MATERIAL PROVIDED —
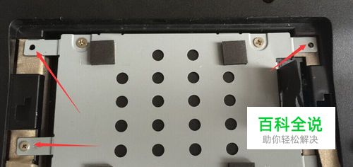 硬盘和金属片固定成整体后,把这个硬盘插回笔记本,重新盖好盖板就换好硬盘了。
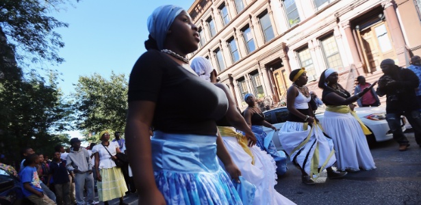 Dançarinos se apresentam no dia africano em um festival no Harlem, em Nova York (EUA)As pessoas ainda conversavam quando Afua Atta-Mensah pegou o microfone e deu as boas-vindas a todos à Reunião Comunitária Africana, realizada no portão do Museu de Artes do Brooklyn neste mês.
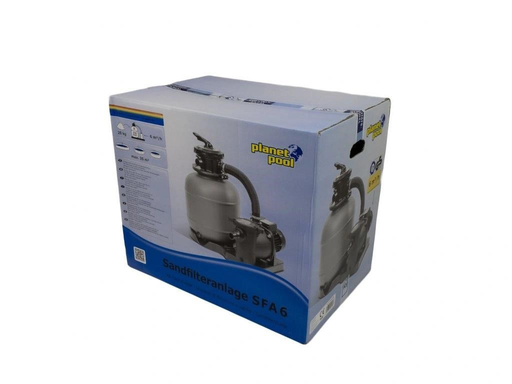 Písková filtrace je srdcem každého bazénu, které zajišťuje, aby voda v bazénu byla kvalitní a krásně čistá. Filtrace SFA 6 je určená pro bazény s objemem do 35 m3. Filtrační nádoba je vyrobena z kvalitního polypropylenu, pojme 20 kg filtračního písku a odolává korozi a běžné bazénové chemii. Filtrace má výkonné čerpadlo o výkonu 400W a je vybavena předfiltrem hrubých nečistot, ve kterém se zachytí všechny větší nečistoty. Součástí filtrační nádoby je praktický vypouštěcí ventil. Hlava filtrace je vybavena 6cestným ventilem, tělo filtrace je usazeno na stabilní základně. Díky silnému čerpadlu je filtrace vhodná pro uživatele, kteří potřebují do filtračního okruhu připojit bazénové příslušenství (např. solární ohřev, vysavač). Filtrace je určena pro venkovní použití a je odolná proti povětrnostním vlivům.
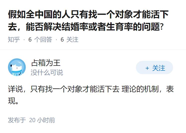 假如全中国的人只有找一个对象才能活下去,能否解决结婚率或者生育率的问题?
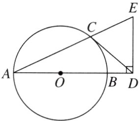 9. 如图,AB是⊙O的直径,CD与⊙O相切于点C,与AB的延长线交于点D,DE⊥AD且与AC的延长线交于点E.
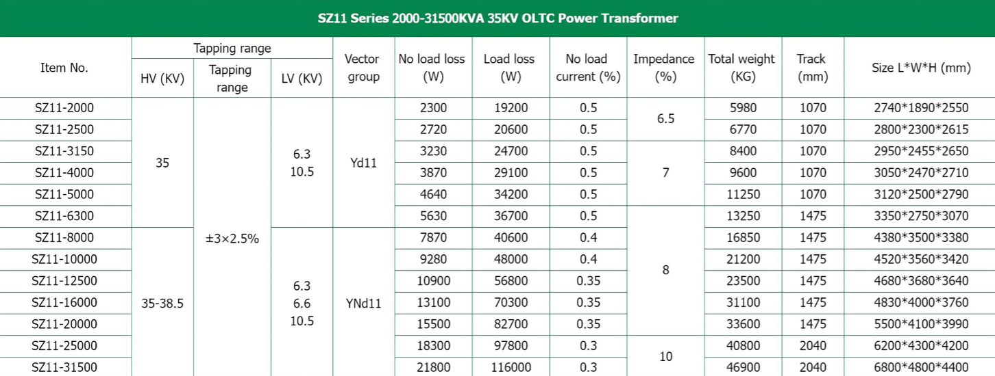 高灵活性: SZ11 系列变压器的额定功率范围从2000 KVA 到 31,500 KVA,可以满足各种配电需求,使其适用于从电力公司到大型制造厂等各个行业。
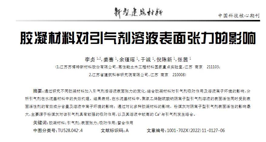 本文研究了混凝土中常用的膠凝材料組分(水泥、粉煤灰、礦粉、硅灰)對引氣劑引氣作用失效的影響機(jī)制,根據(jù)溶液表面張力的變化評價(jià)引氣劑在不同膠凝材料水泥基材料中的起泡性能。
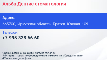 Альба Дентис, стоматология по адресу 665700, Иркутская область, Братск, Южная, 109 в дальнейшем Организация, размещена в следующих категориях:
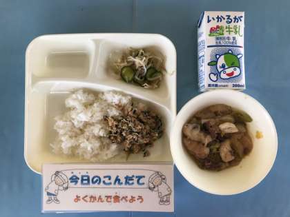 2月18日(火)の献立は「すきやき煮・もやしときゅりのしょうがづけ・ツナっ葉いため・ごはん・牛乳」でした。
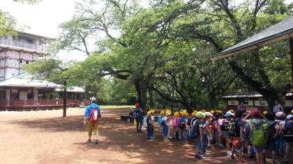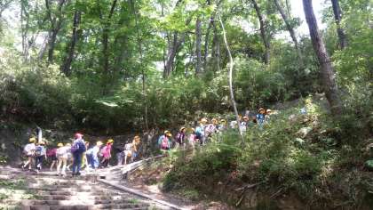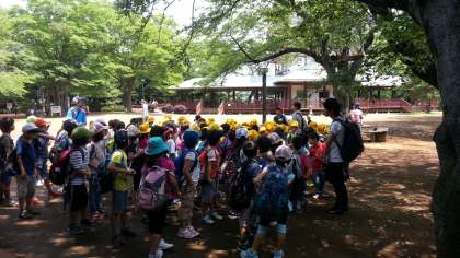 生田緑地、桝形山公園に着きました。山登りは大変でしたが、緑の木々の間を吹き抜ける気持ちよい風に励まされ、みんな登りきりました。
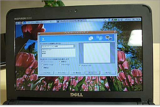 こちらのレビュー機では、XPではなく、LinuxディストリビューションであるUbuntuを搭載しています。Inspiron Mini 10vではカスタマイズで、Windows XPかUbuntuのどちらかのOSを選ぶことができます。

WHAT THE TASK ASKS — Transcribe, word for word, only the material from its opening line through the line containing "Dançarinos se apresentam", both ends included, and omit the pictures.

REPLY TO THE TASK —
 硬盘和金属片固定成整体后,把这个硬盘插回笔记本,重新盖好盖板就换好硬盘了。
 Dançarinos se apresentam no dia africano em um festival no Harlem, em Nova York (EUA)As pessoas ainda conversavam quando Afua Atta-Mensah pegou o microfone e deu as boas-vindas a todos à Reunião Comunitária Africana, realizada no portão do Museu de Artes do Brooklyn neste mês.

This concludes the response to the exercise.